> [EXERCISE DATA]

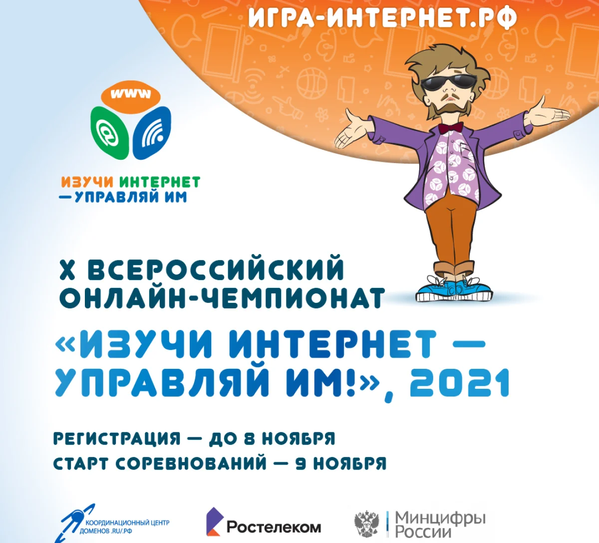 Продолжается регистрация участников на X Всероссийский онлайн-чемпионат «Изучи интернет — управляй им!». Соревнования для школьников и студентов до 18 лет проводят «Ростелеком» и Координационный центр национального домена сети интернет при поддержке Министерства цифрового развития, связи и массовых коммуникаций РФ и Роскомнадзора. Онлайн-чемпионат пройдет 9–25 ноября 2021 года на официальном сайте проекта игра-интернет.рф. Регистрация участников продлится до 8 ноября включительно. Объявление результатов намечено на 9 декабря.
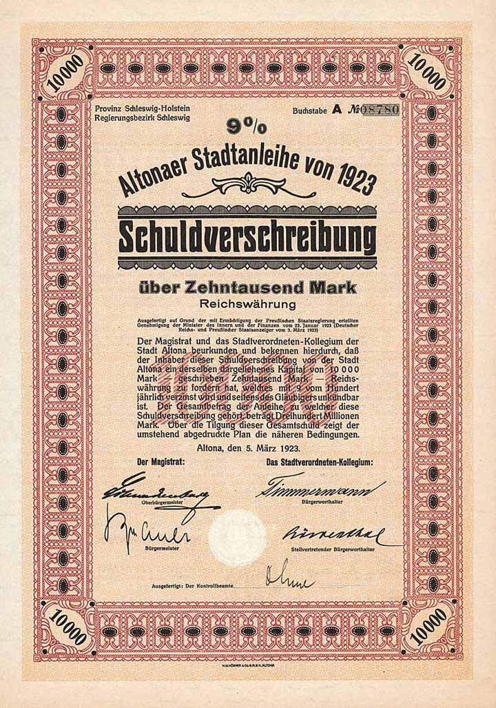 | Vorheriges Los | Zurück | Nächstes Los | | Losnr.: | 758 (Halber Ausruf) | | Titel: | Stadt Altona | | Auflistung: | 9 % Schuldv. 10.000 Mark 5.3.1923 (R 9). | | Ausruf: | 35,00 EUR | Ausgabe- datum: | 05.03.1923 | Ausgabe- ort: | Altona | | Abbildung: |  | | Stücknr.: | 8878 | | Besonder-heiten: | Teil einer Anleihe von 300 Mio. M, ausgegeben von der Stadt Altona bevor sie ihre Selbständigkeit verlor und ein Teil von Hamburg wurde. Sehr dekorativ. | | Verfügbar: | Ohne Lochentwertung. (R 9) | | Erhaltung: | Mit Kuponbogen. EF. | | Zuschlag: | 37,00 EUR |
---
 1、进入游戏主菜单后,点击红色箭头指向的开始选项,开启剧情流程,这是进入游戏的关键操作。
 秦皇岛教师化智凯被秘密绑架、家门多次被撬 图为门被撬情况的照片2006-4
* * *
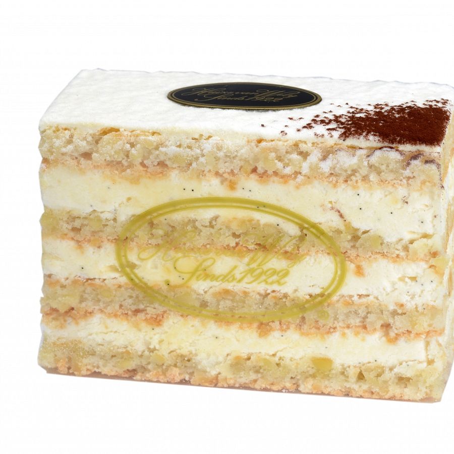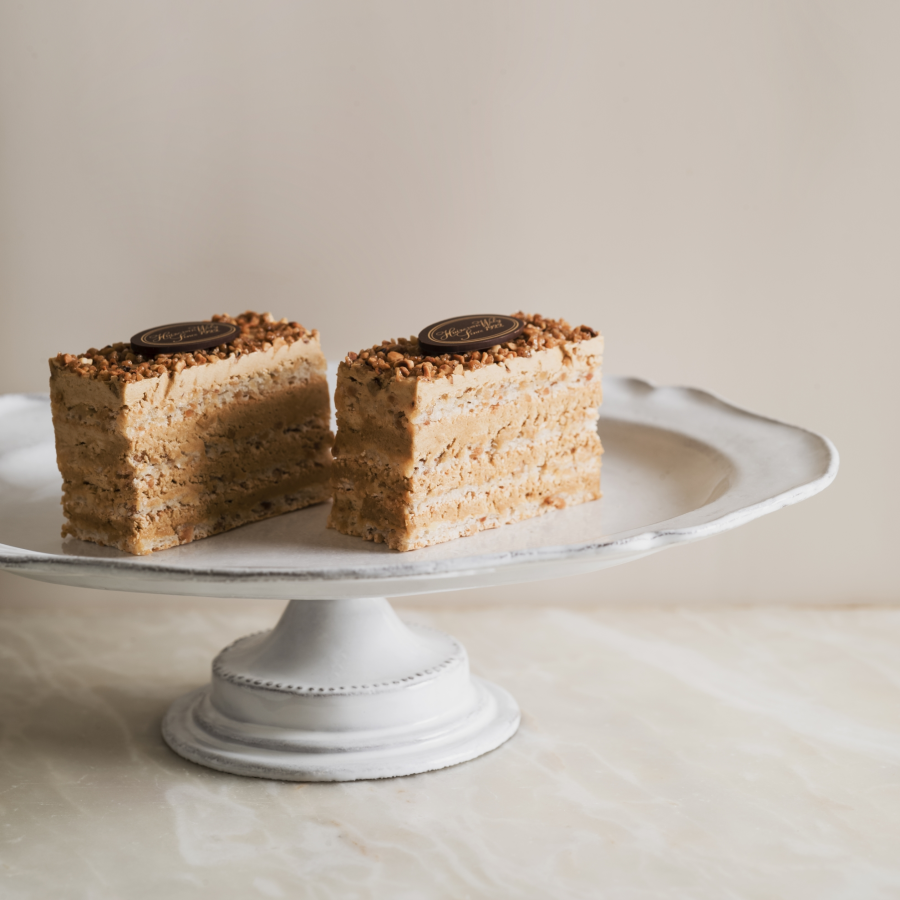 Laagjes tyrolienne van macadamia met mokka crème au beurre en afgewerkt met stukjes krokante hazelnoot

> [TASK INSTRUCTIONS] Print, word for word, the lines above that run from the line containing "Продолжается регистрация участников" to the line containing "37,00 EUR |", both included. Keep the pictures out.

> [SOLUTION TO THE PROBLEM]
 Продолжается регистрация участников на X Всероссийский онлайн-чемпионат «Изучи интернет — управляй им!». Соревнования для школьников и студентов до 18 лет проводят «Ростелеком» и Координационный центр национального домена сети интернет при поддержке Министерства цифрового развития, связи и массовых коммуникаций РФ и Роскомнадзора. Онлайн-чемпионат пройдет 9–25 ноября 2021 года на официальном сайте проекта игра-интернет.рф. Регистрация участников продлится до 8 ноября включительно. Объявление результатов намечено на 9 декабря.
 | Vorheriges Los | Zurück | Nächstes Los | | Losnr.: | 758 (Halber Ausruf) | | Titel: | Stadt Altona | | Auflistung: | 9 % Schuldv. 10.000 Mark 5.3.1923 (R 9). | | Ausruf: | 35,00 EUR | Ausgabe- datum: | 05.03.1923 | Ausgabe- ort: | Altona | | Abbildung: |  | | Stücknr.: | 8878 | | Besonder-heiten: | Teil einer Anleihe von 300 Mio. M, ausgegeben von der Stadt Altona bevor sie ihre Selbständigkeit verlor und ein Teil von Hamburg wurde. Sehr dekorativ. | | Verfügbar: | Ohne Lochentwertung. (R 9) | | Erhaltung: | Mit Kuponbogen. EF. | | Zuschlag: | 37,00 EUR |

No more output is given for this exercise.